O jornal A Crítica (AM) destacou, em matéria publicada no dia 20 de julho, o trabalho dos Auditores-Fiscais do Trabalho do Amazonas na inserção de Pessoas com Deficiência – PCDs no mercado de trabalho. Segundo a reportagem, a Superintendência Regional do Trabalho e Emprego do Amazonas – SRTE/AM destacou-se no cenário nacional em balanço do Núcleo de Apoio às Atividades Fiscais – Naaf como a que mais inseriu PCDs em todo o país entre janeiro e maio de 2013, proporcionalmente.
De fato, a SRTE/AM superou de longe a meta estabelecida, que era de 155 admissões, chegando a 569 inserções. A meta foi superada em 367%.
A razão do resultado, segundo a SRTE/AM, foi a intensificação das fiscalizações no setor.
Leia a matéria de A Crítica, que destaca positivamente o trabalho dos Auditores-Fiscais do Trabalho.
20-7-2013 – A Crítica (AM)
CINTHIA GUIMARÃES
O Amazonas foi o Estado que mais inseriu pessoa com deficiência (PDF) no mercado de trabalho nos seis primeiros meses de 2013, de acordo com o ranking do Núcleo de Apoio às Atividades Fiscais (Naaf), do Ministério do Trabalho e Emprego (MTE).
Nos cinco primeiros meses de 2013, foram admitidos 569 PCD’s, 367%, superando a meta que era de 155 admissões.
Este resultado coloca o Amazonas em primeiro lugar no ranking percentual dos estados que superaram a meta estabelecida pelo MTE, seguido dos Estados de Rio Grande do Sul (2.201 - 306%), Pernambuco (754 - 222%) e Mato Grosso (171 - 211%).

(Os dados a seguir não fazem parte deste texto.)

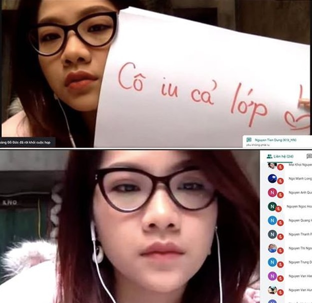 Trước đó, mạng xã hội từng xuất hiện hình ảnh một nữ giảng viên Đại học FPT (Hà Nội) được học sinh chụp lại trong lúc dạy online nhanh chóng thu hút sự chú ý của cư dân mạng. Sở dĩ, nhiều người dành sự quan tâm đến những bức ảnh này là vì nữ giảng viên này quá xinh đẹp và đáng yêu. Hơn nữa, cô giáo còn cầm tấm biển “cô yêu cả lớp” để nhắn gửi đến các bạn sinh viên của mình khiến nhiều người ấn tượng.
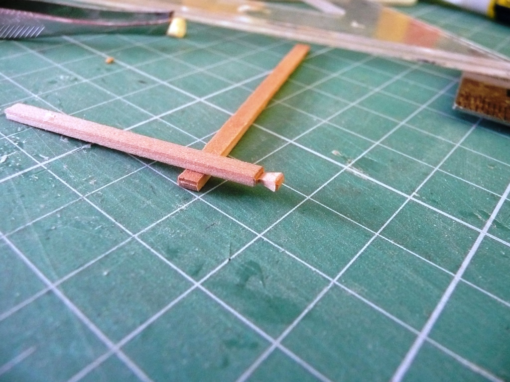 Pracę przeniosłem na dziób. Postanowiłem zrobić relingi. Materiał to grusza - listewki na pachołki, fornir na poręcz:
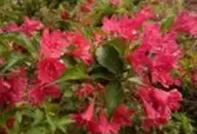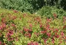 红王子锦带花是忍冬科锦带花属的落叶开张性灌木。株高1 -2米;嫩枝淡红色,老枝灰褐色;单叶对生,呈椭圆形,先端渐尖,叶缘有锯齿,红枝及叶脉具柔毛;花冠漏斗状钟形,花冠筒中部以下变细,聚伞花序,…全部>>

Para o Superintendente Regional do Trabalho e Emprego, Dermilson Chagas, a razão para o aumento da inserção dos PCD’S no mercado de trabalho está na intensificação das fiscalizações realizadas pelo órgão.
A empresa, ao negar emprego ou trabalho a uma pessoa portadora de deficiência, deverá justificar-se, sendo a causa por razões de natureza técnica ou não subjetiva. O artigo 93 da Lei 8.213/91 estabelece que empresas com cem ou mais funcionários estão obrigadas a preencher de 2% a 5% de seus cargos com pessoas deficientes ou beneficiários reabilitados, nas seguintes proporções: até 200 empregados 2%, de 201 a 500 funcionários 3%, de 501 a mil 4% e a partir de 1001 em adiante 5%.